Hollywood filmmakers are calling for future movies to stop using firearm blanks after cinematographer Halyna Hutchins died after being shot on the set of "Rust" by a prop gun.

Alec Baldwin, who stars in the movie, discharged a "prop firearm" that killed Hutchins and injured the director Joel Souza on Thursday, the Santa Fe County Sheriff's Office said. A production spokesperson told Deadline Thursday: "There was an accident today on the New Mexico set of 'Rust' involving the misfire of a prop gun with blanks."

On Friday, the International Alliance of Theatrical Stage Employees (IATSE) Local 44 told its members that the gun discharged by Baldwin contained a "live round," calling the incident an "accidental weapons discharge."

Many filmmakers and actors are paying tribute to Hutchins after her tragic death, however, some directors and cinematographers, including "Mare of Easttown" director Craig Zobel are criticizing the use of firearm blanks, which they say are no longer necessary for films.

Zobel tweeted: "There's no reason to have guns loaded with blanks or anything on set anymore. Should just be fully outlawed. There's computers now. The gunshots on Mare of Easttown are all digital. You can probably tell, but who cares? It's an unnecessary risk."
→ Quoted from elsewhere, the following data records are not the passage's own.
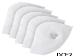
ダストシールドマスク 専用交換フィルター DCF212M-WH / DCF212L-WH
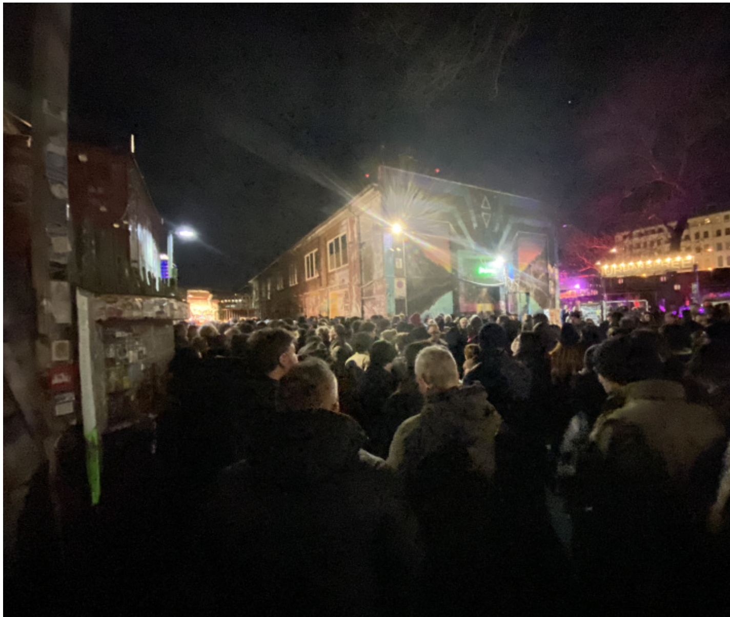
La coda per l'ingresso

Il benvenuto in DDR, nella ex casa della cultura Astra , è stato dato da una serie di lampadari “smantellati” (anche loro) proprio da quel Palazzo della Repubblica a cui si accennava in precedenza.
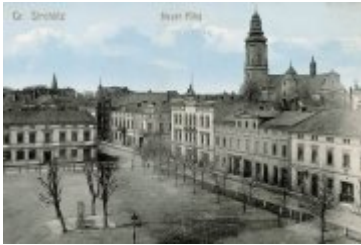
• Stare zdjęcia
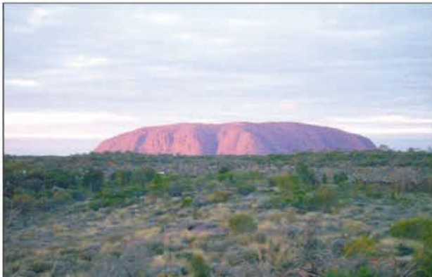
Uluru auringonlaskun aikaan.

Tämä matka oli kansainvälinen. Reissulle oli ilmoittautunut tämän energiahoidon parissa työskenteleviä henkilöitä Ruotsista ja Uudesta Seelannista, mukana oli myös australialaisia. Matka oli yhdistetty koulutus- ja virkistysreissu.
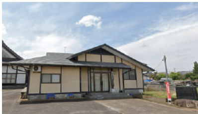
▲大砂田園都市センター 周りには素敵な景色が広がっています

大砂さくら会は、毎月第1日曜日10:00～11:30に大砂田園都市センターで活動しており、地域住民が気軽に集まり、お茶菓子を食べながら何気ない会話を楽しんでいます。参加者からは「家に居てもつまらないから、集まりがあると嬉しい」との声がありました。始まったばかりですが、皆さんの特別な居場所となっています。サロンの代表者は「大砂は昔からつながりが強い」と話しており、実際に一人の女性のつぶやきから、サロンが立ち上がるまで数カ月しかかかりませんでした。サロンの周知は区会回覧で行っていましたが、皆さんで声をかけあったことで、人が集まり新しいサロンが生まれました。サロンの立ち上げをきっかけに“地域のつながりの強さ”を改めて感じました。
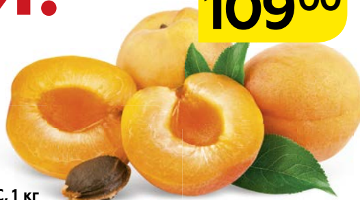
АБРИКОС, 1 кг

Рекламная акция «Магнит семейный» 26 июня – 02 июля 2019 г.
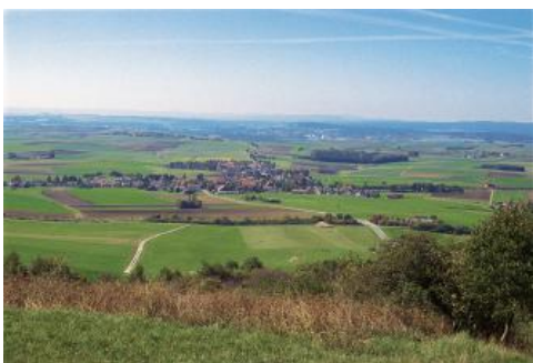
Blick nach Westen auf Bad Dürkheim-Oberbaldingen und die Stufenlandschaft der Baar

Das relativ starke Einfallen der Gesteinsschichten und die geringe Mächtigkeit mancher Schichtglieder sind die Ursache für die im Vergleich zu nördlichen Landesteilen geringen Stufenhöhen und für das enge Zusammenrücken der einzelnen Schichtstufen. Die Baar mit ihrem danubischen Relief unterscheidet sich deutlich von der durch die junge Eintiefung des Hochrheins bedingten, stark zerschnittenen Landschaft des Alb-Wutach-Gebiets. Die Donauaue bei Donaueschingen liegt 355 m höher als der nur 40 km südwestlich gelegene Unterlauf der Wutach bei Waldshut-Tiengen. Die Baar nimmt den Osten des Schwarzwald-Baar-Kreises ein. Kleinere Gebiete im Osten und im Südwesten der Baar gehören zu den Landkreisen Tuttlingen bzw. Breisgau-Hochschwarzwald. Das Alb-Wutach-Gebiet liegt dagegen nahezu vollständig im Landkreis Waldshut.
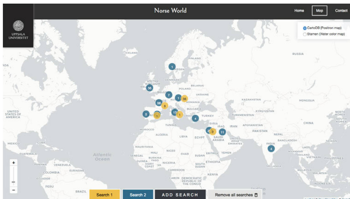
Fig. 2: Et udsnit af Norse World's brugergrænseflade, der viser belæg fra Codex Holmiensis K 47 (Stockholm, Kungliga biblioteket). De blå prikker er fra Eufemiaviserne , de gule fra håndskriftets øvrige tekster.

På nuværende tidspunkt (23. juni 2021) rummer databasen mere end 6.500 belæg fordelt på 984 steder uddraget af 94 værker fra 41 håndskrifter, 5 tidlige tryk og 3 middelalderlige runeindskrifter.
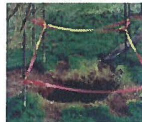
Mouvement de terrain (cavités souterraines)
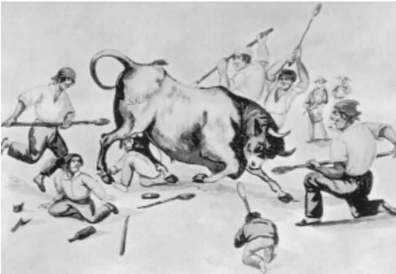
Fig. n.º 14.– Pancho Fierro: Suerte de la Moharra , 26 x 20,5 cm, acuarela, Lima, Museo Taurino de Arte (Berckemeyer, 1966: 49).

Don Rodrigo de Mendoza entró sólo en la plaza, de aventurero, en su caballo, con dos pajes y dos rejones y los empleó bien, y salió muy airoso, sin mudar caballo y con muchos vítores» (Mugaburu, 1935: 177).
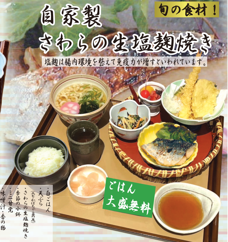
春の旬彩和膳 1,380円(税込1,518円)
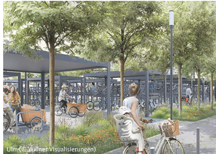
Ulm (© Willner Visualisierungen)
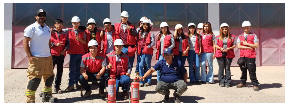
Los alumnos del Liceo PRVO aprendieron el correcto uso de los extintores de parte de bomberos.

este tipo de capacitaciones son gratuitas y abiertas a la comunidad, por lo que hicieron un llamado
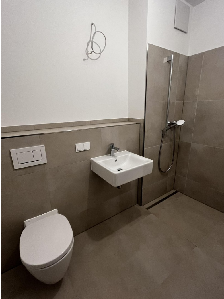
Gäste - WC
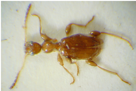
Abb. 9: Formicomus nageli UHMANN, 1990, Holotypus (2,9 mm)
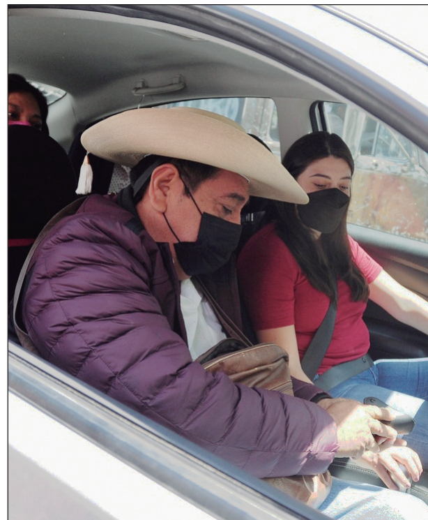
▲ El aspirante a candidato para gobernar Guerrero afirma que son los partidos las entidades que debe presentar gastos de campañas.

que no hay constancia en el expediente en el cual el INE le haya requerido su informe de gastos de precampaña. Por lo demás, a decir del aspirante, la obligación primaria de entregar dicho informe corresponde a Morena.

Some filmmakers are vowing to never use prop guns with blanks on their sets ever again.

"Someone hurt or killed on my set is my worst nightmare," Eric Kripke, the showrunner of "The Boys," tweeted. "Sending love to Halyna Hutchins' family, @JensenAckles, cast & crew of 'Rust.' I'm so sorry. In her memory, a simple, easy pledge: no more guns with blanks on any of my sets ever. We'll use VFX muzzle flashes. Who's with me?"

Ackles stars in "Rust" and is set to join "The Boys" in its third season.

The Oscar-nominated cinematographer Rachel Morrison wrote on her Instagram story that Hutchins' death could have been "preventable" in her tribute.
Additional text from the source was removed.